General characteristics
- Type: Landing Ship, Tank Mark I
- Displacement: 3,620
- Speed: 18 knots laden to beaching draught; 16.5 knots at deep;
- Capacity: 13 Churchill infantry tanks, 27 vehicles, 193 men
- Complement: 169

Service record
- Operations: Allied invasion of Italy; Normandy landings;

= HMS Bruiser (F127) =

HMS Bruiser was built as a Landing Ship, Tank (LST(1)) at Harland & Wolff. Launched in October 1942 and commissioned the following March, she saw service as part of the Allied invasion of Italy.

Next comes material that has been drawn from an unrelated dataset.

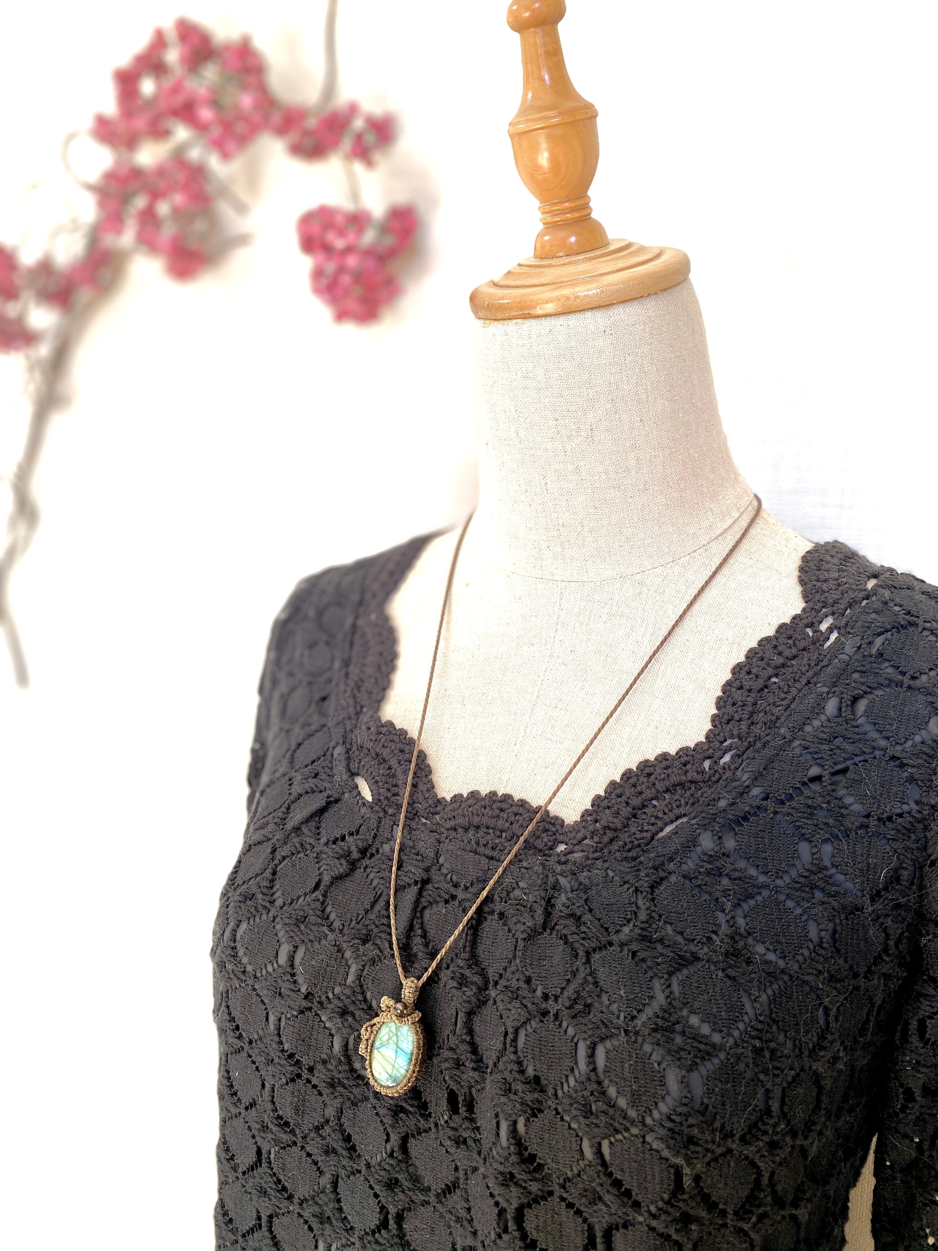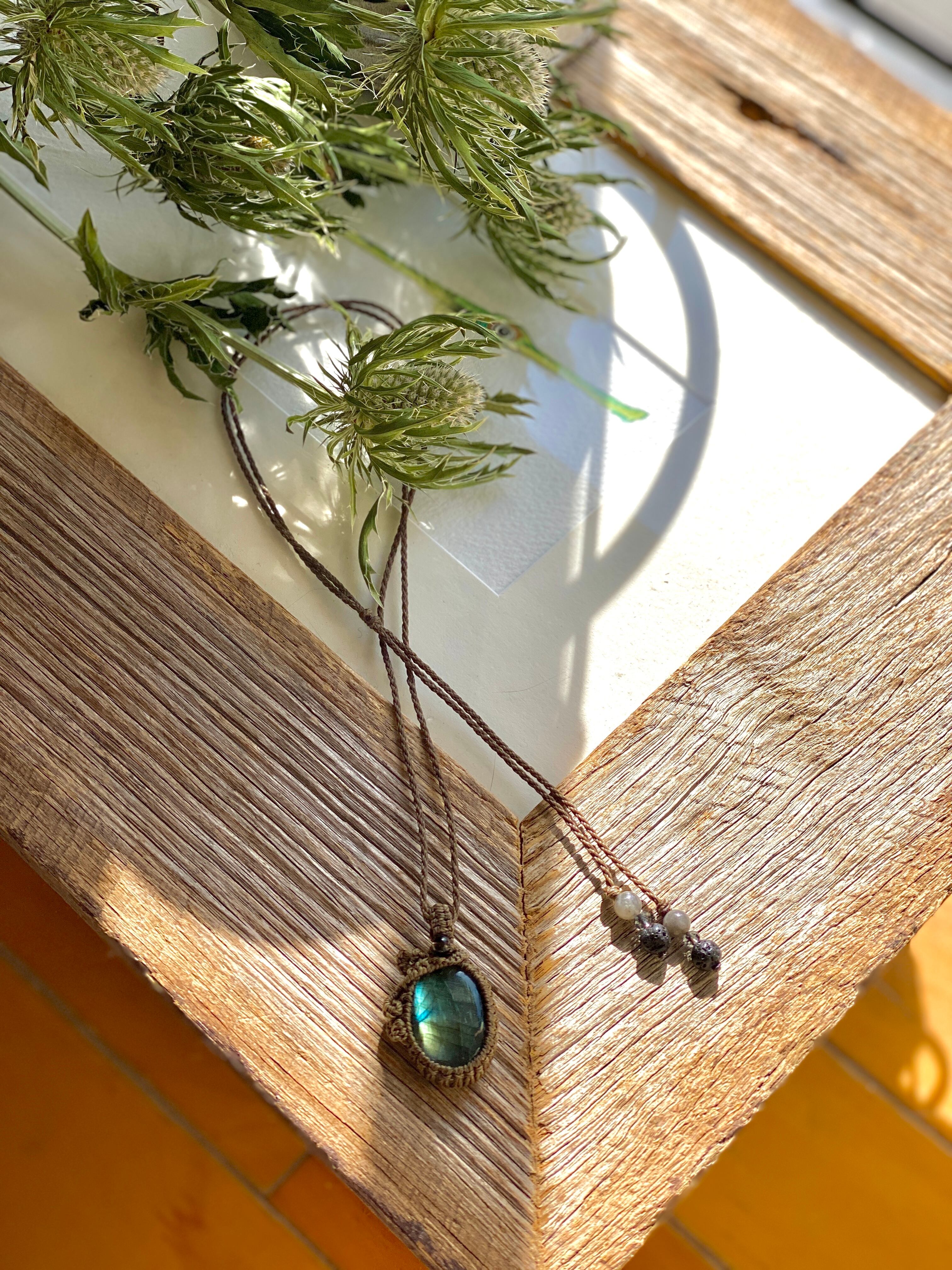 mysterious☆ラブラドライト天然石マクラメネックレス/日々のお守りアクセサリー

==Design and development==
Bruiser was the second of the LST Mk.1 class ships, which could carry 13 Churchill tanks, 27 other vehicles and 193 men. It had a high speed even when laden for the assault (about 18 knots) but did not have a shallow draught, which meant that a 140 ft long bow ramp had to be added and this took up a lot of room inside the ship.

Bruiser had only two sister ships, as plans to build more in the United States led instead to a simpler though slower design capable of similar capacity but with a much shallower draught.

==Service==
Bruiser took part in the Salerno landing in 1943. In 1944, she was refitted as a fighter direction ship, for use during the Normandy landings in controlling fighter aircraft by ground-controlled interception. Later in 1944 she took British troops back into Athens in Greece. Bruiser was sold into merchant service in 1946.

==Merchant service==
Bruiser was sold in 1946 for merchant service as Nilla. In 1951, she was converted to a cargo liner and renamed Silverstar. In 1957, she became Ciudad de Santa Fe and was broken up in Argentina in 1968.